Monday, January 6, 2020

When my predictions come true

As I've said before, every now and then some old post will show up with a zillion hits.  No clue why.  But this one popped up the other day.  It's a reflection on the Roy Moore kerfuffle.  Remember him?  The weird cowboy hat wearing, horse riding, revolver wielding caricature of a southern conservative who ran for office?  The same who was accused of statutory rape when we suddenly learned that the Sexual Revolution's 'if she's just seventeen, you know what we mean' principle was now tantamount to rape?

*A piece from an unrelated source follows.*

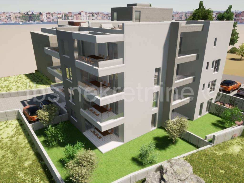 Posredujemo pri prodaji Penthouse stana u izgradnji na otoku Čiovo, Okrug Gornji s prekrasnim pogledom. Stan se nalazi na vrhu male stambene zgrade s ukupno 11 stanova. Ukupna unutarnja površina stana je 93m2, a vanjski, otvoreni dio se sastoji od Loggia 11,4m2 i dvije terase od 24m2 i 94m2. Unutarnji dio se sastoji od kuhinje, ,dnevnog boravka, blagovaonice, hodnika, kupaonice, predsoblja, tri(3) spavaće sobe i kupaonice. Na samoj krovnoj terasi je predviđeno mjesto za bazen ili Jacuzzi s potrebnim instalacijama. U zgradi postoji lift(pristup invalidima), velike staklene stijenke na aluminijskim balkonskim vratima s električnim roletnama, komarice, podno grijanje, vrhunski klima uređaji. Stanu pripada jedno parkirno mjesto. Udaljenost od gradske plaže iznosi oko 250m a do centra mjesta oko 350m.

Yeah.  So I read through it, cringing at missed spelling or bad grammar as I often do when I read earlier posts.  But then I came to this:
If [Roy Moore] loses, however, and in a year nothing more is said, no further accusations come out, and nothing is pursued, then I fear we will have seen a McCarthy like character assassination endorsed and supported by our press, our political establishment and, yes, even our religious institutions.  And that cannot be good for our future.
That was my wrap up, if you don't care to stumble through the post itself.  Think on that.  I said if there was no follow up - and there really wasn't - to all these manifold accusations of statutory rape and sex perversion, that it would bode ill.  After all, that would embolden those who wish to use the Kangaroo Court of Appeals as their primary weapon for taking out political opponents in our nation.

What happened after this?   Think Brett Kavanaugh.  A man I don't hold any particular affection for, who nonetheless was subject to the most egregious witch hunt in America since Salem.  And how the press, Trump opponents, pundits, white liberal Catholics, and a host of activists jumped on board!  A single woman making a thirty year old accusation with conflicting memories of the scene and no corroborating evidence except four friendly witnesses who all denied the crime, and on that a swath of our country screamed at Kavanaugh 'burn witch, burn!'.

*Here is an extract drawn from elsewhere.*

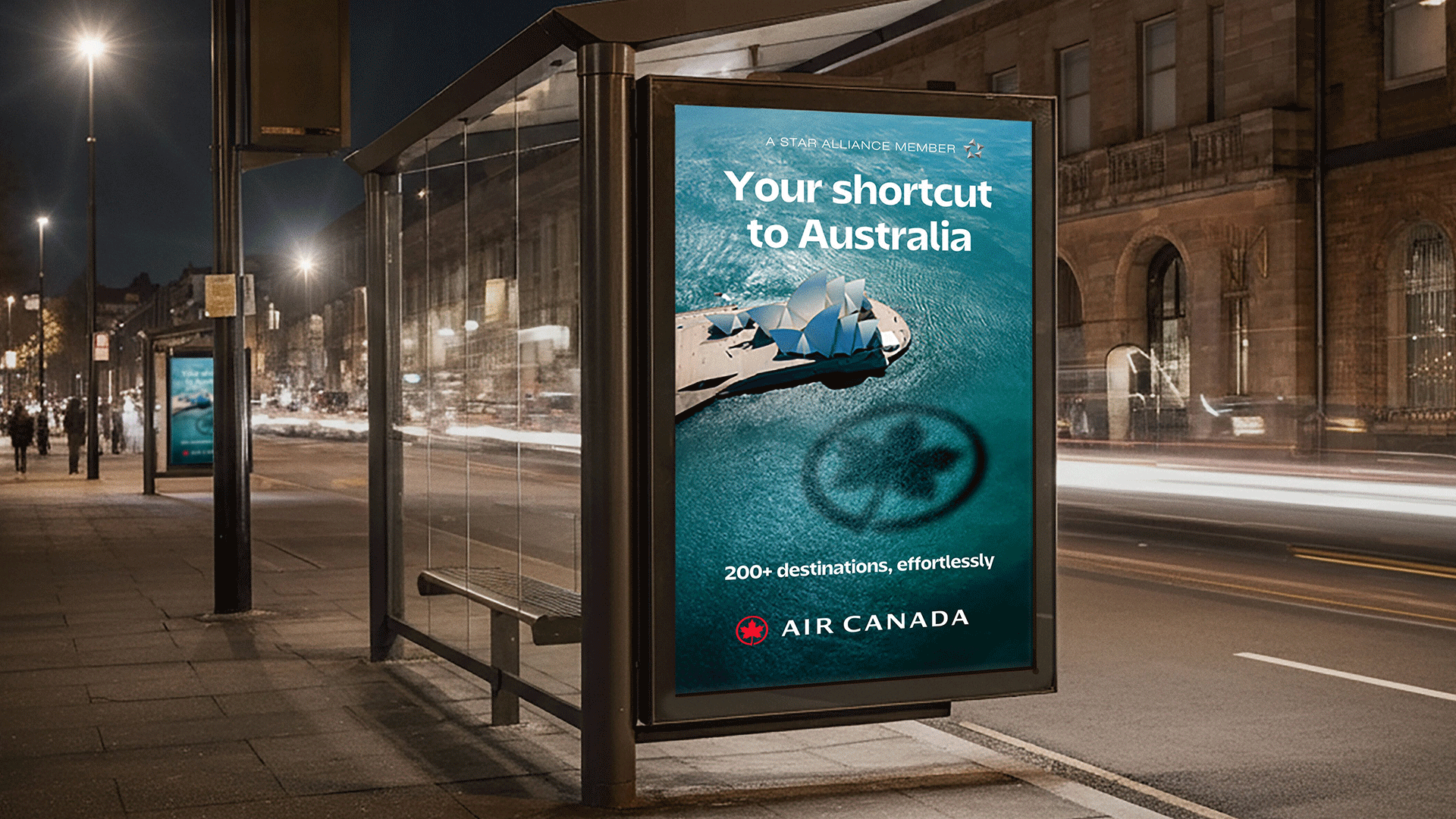 We tackled this perception head-on with striking visuals featuring the iconic Air Canada roundel hovering above some of the world’s most recognizable landmarks from Paris to Tokyo, symbolizing the brand’s worldwide reach and inviting travelers to see Air Canada as their link to over 180 destinations around the globe.

Now we have a president impeached with no clear evidence of a crime committed.  I'm no presidential historian, but I think this is the first time a president has been impeached or tried for impeachment without being accused of committing an actual crime.  Nonetheless, that same swath of our country says that's good.  That's real good.

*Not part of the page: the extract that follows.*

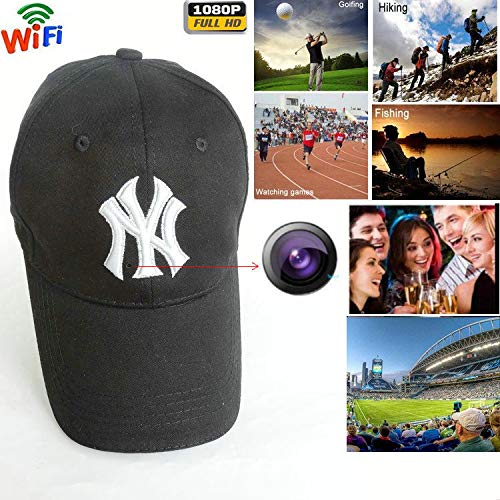 GEQWE Telecamera per Berretto da Baseball WiFi, Videoregistratore Nascosto per Mini Telecamera per Cappelli WiFi 1080P HD, per Interni Ed Esterni

Things like evidence, accusation of actual crimes, burden of proof, due process, presumption of innocence?  They died within the first 24 hours after The Washington Post published its story about Roy Moore's alleged sex crimes.  Two years later, we're even farther away from caring about anything but the destruction of our opponents through any means possible.  And that never bodes well for anything under the sun.